**Problem requirements**
Retype the records below word for word and omit any image.

Material for this exercise section start

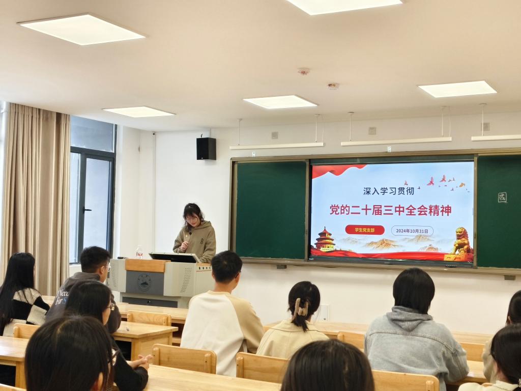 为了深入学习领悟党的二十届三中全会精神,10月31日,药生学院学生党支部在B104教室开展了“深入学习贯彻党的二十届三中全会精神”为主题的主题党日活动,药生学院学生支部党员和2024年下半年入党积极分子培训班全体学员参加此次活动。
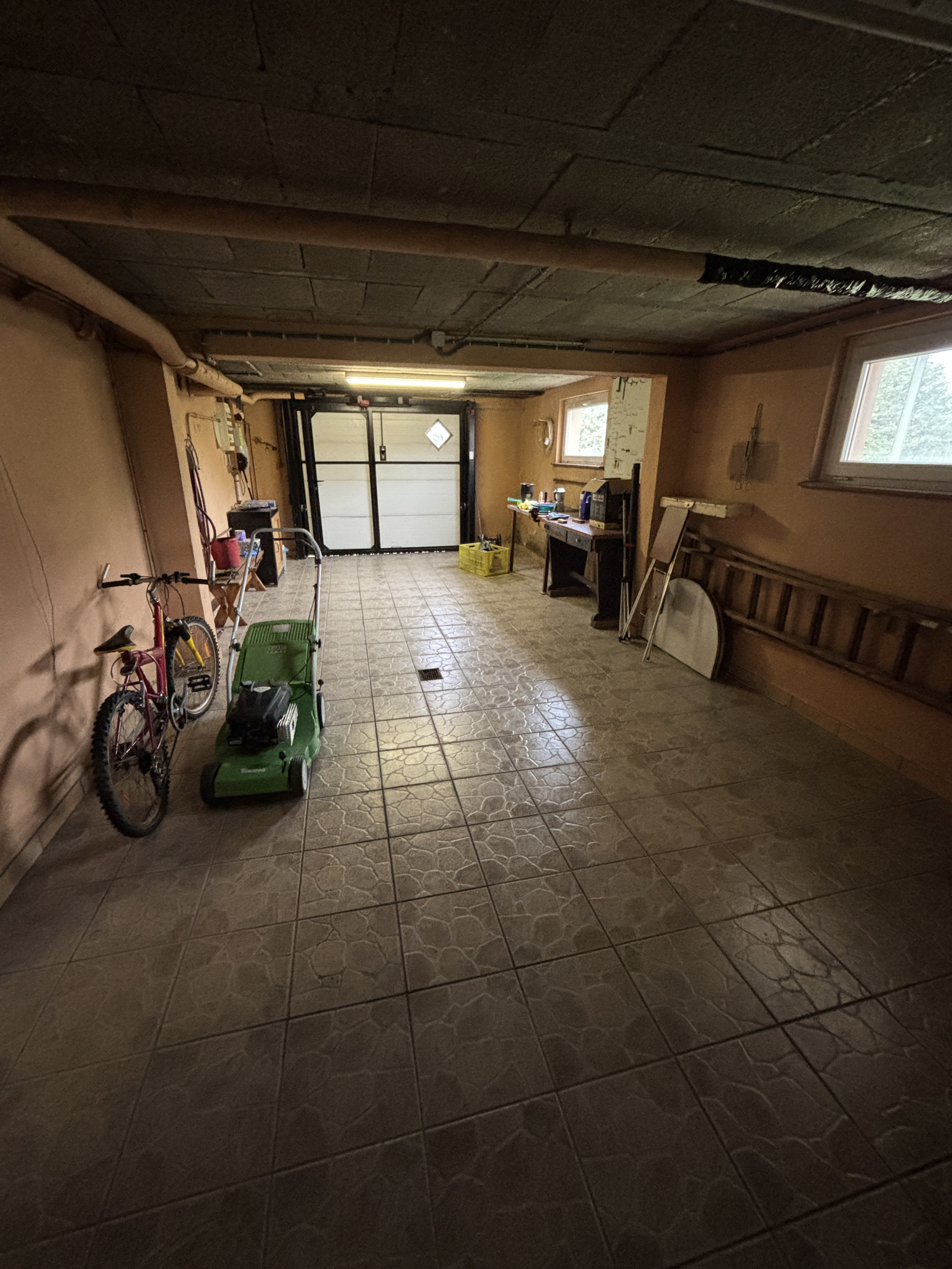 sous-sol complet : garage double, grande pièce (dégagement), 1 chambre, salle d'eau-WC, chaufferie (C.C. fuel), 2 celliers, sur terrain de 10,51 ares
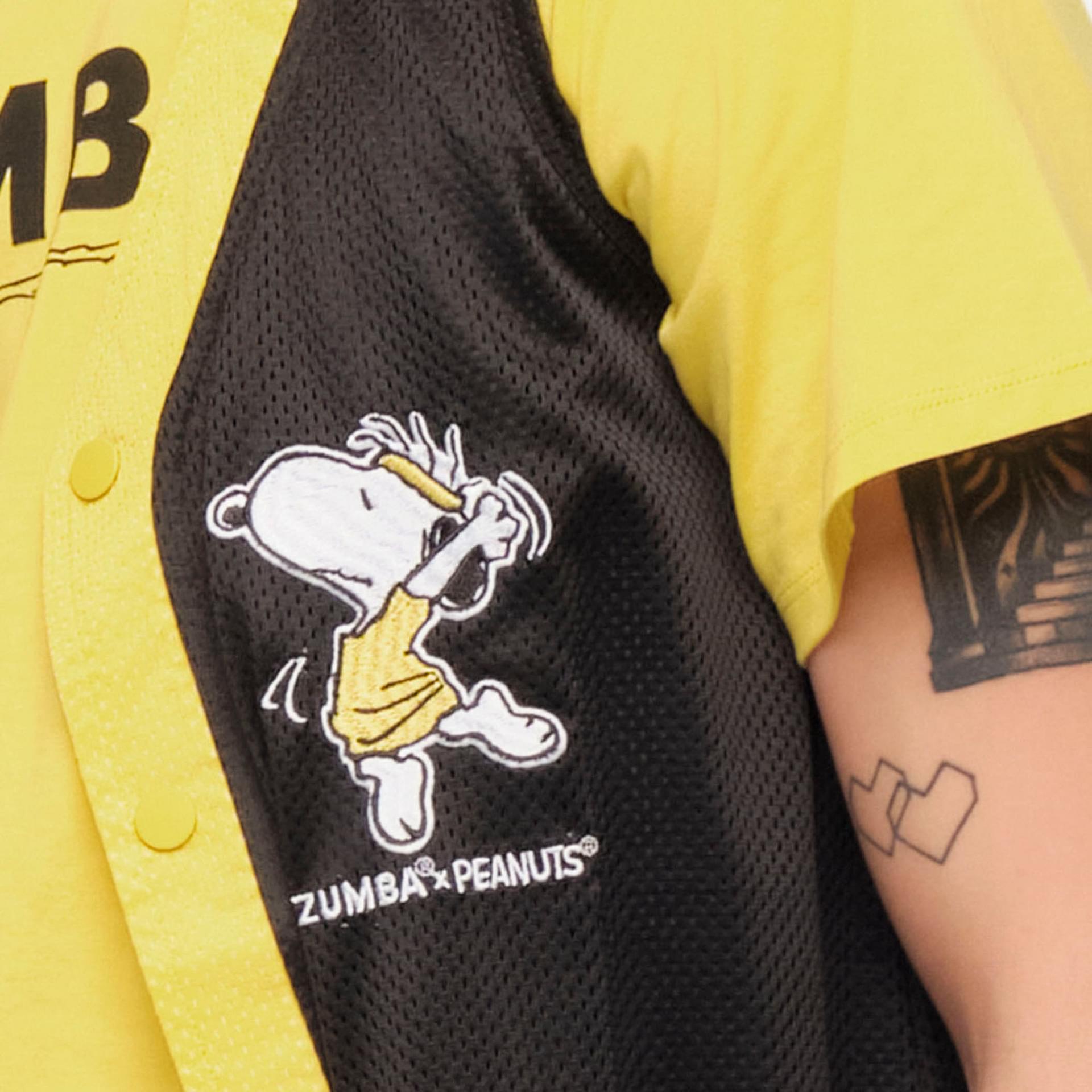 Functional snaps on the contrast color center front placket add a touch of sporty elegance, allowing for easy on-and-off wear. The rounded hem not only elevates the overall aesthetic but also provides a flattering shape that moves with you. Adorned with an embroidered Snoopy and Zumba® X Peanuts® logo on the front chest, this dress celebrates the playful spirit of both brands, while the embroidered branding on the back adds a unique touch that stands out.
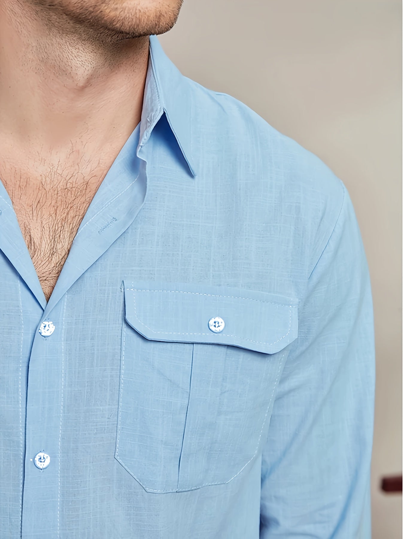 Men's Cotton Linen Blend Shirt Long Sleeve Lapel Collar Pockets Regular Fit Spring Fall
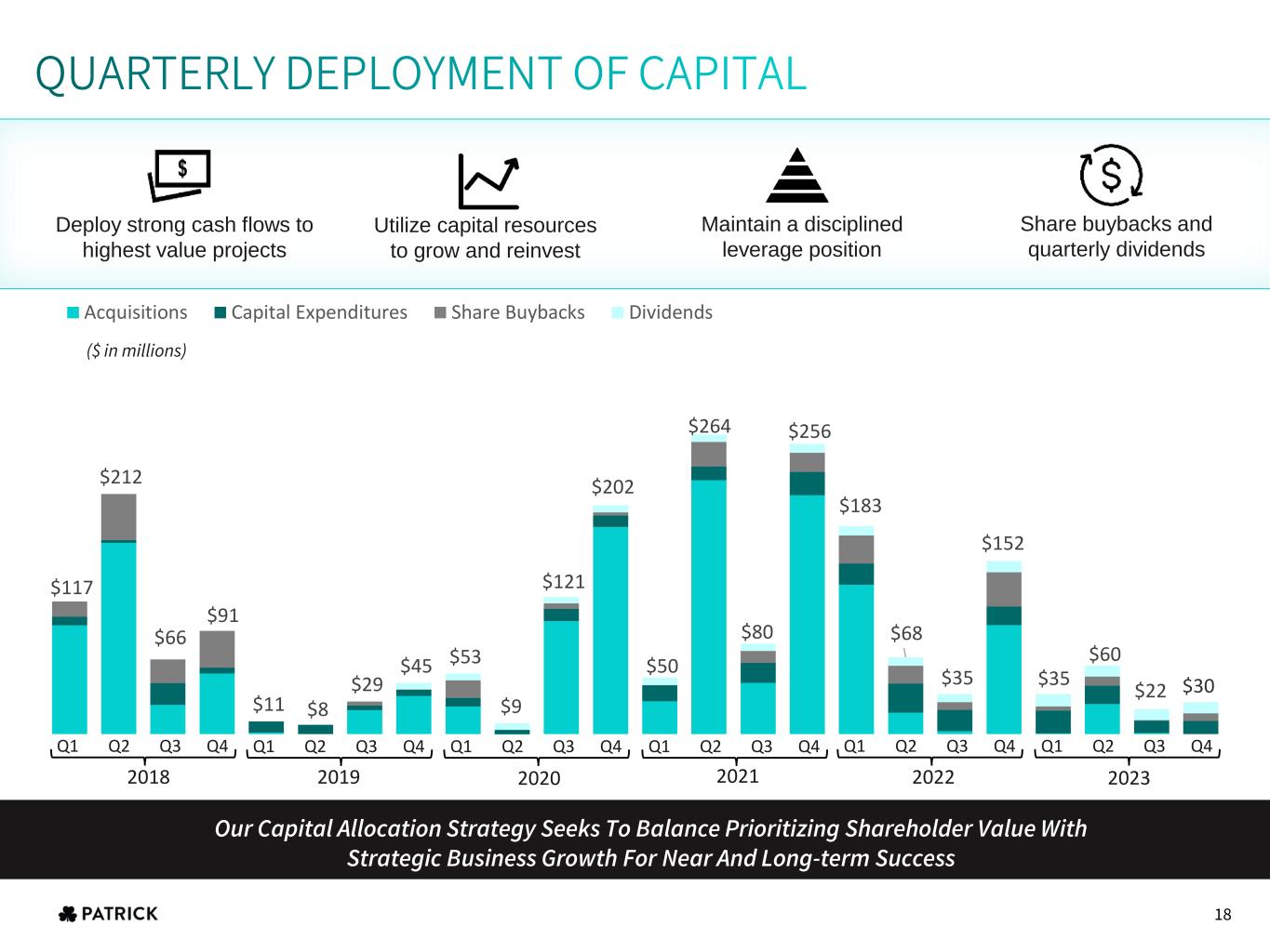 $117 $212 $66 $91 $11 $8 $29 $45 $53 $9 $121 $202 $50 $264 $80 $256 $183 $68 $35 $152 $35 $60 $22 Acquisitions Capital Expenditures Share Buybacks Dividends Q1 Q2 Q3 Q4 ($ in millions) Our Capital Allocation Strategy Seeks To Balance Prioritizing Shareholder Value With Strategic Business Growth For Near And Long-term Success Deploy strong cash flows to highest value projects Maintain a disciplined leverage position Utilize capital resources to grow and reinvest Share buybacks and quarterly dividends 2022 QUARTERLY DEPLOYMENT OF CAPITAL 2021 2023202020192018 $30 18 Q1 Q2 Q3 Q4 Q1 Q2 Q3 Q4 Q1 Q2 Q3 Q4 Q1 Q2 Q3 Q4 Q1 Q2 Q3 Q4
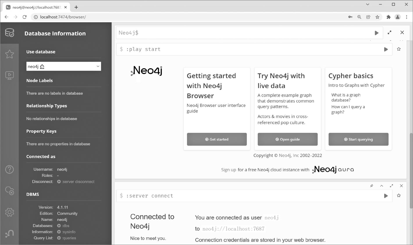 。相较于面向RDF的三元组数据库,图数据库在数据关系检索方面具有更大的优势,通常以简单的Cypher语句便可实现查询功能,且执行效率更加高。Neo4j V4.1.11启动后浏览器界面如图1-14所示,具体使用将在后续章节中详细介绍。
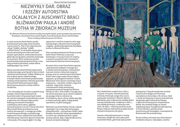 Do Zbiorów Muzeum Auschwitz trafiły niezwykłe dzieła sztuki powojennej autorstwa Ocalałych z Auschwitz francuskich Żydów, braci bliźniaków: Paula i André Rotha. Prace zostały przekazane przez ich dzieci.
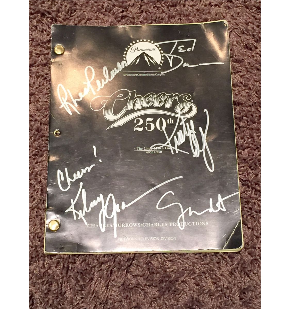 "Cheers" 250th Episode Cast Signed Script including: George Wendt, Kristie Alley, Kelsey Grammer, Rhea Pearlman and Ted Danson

Material for this exercise section end

**Solution to this exercise**
 为了深入学习领悟党的二十届三中全会精神,10月31日,药生学院学生党支部在B104教室开展了“深入学习贯彻党的二十届三中全会精神”为主题的主题党日活动,药生学院学生支部党员和2024年下半年入党积极分子培训班全体学员参加此次活动。
 sous-sol complet : garage double, grande pièce (dégagement), 1 chambre, salle d'eau-WC, chaufferie (C.C. fuel), 2 celliers, sur terrain de 10,51 ares
 Functional snaps on the contrast color center front placket add a touch of sporty elegance, allowing for easy on-and-off wear. The rounded hem not only elevates the overall aesthetic but also provides a flattering shape that moves with you. Adorned with an embroidered Snoopy and Zumba® X Peanuts® logo on the front chest, this dress celebrates the playful spirit of both brands, while the embroidered branding on the back adds a unique touch that stands out.
 Men's Cotton Linen Blend Shirt Long Sleeve Lapel Collar Pockets Regular Fit Spring Fall
 $117 $212 $66 $91 $11 $8 $29 $45 $53 $9 $121 $202 $50 $264 $80 $256 $183 $68 $35 $152 $35 $60 $22 Acquisitions Capital Expenditures Share Buybacks Dividends Q1 Q2 Q3 Q4 ($ in millions) Our Capital Allocation Strategy Seeks To Balance Prioritizing Shareholder Value With Strategic Business Growth For Near And Long-term Success Deploy strong cash flows to highest value projects Maintain a disciplined leverage position Utilize capital resources to grow and reinvest Share buybacks and quarterly dividends 2022 QUARTERLY DEPLOYMENT OF CAPITAL 2021 2023202020192018 $30 18 Q1 Q2 Q3 Q4 Q1 Q2 Q3 Q4 Q1 Q2 Q3 Q4 Q1 Q2 Q3 Q4 Q1 Q2 Q3 Q4
 。相较于面向RDF的三元组数据库,图数据库在数据关系检索方面具有更大的优势,通常以简单的Cypher语句便可实现查询功能,且执行效率更加高。Neo4j V4.1.11启动后浏览器界面如图1-14所示,具体使用将在后续章节中详细介绍。
 Do Zbiorów Muzeum Auschwitz trafiły niezwykłe dzieła sztuki powojennej autorstwa Ocalałych z Auschwitz francuskich Żydów, braci bliźniaków: Paula i André Rotha. Prace zostały przekazane przez ich dzieci.
 "Cheers" 250th Episode Cast Signed Script including: George Wendt, Kristie Alley, Kelsey Grammer, Rhea Pearlman and Ted Danson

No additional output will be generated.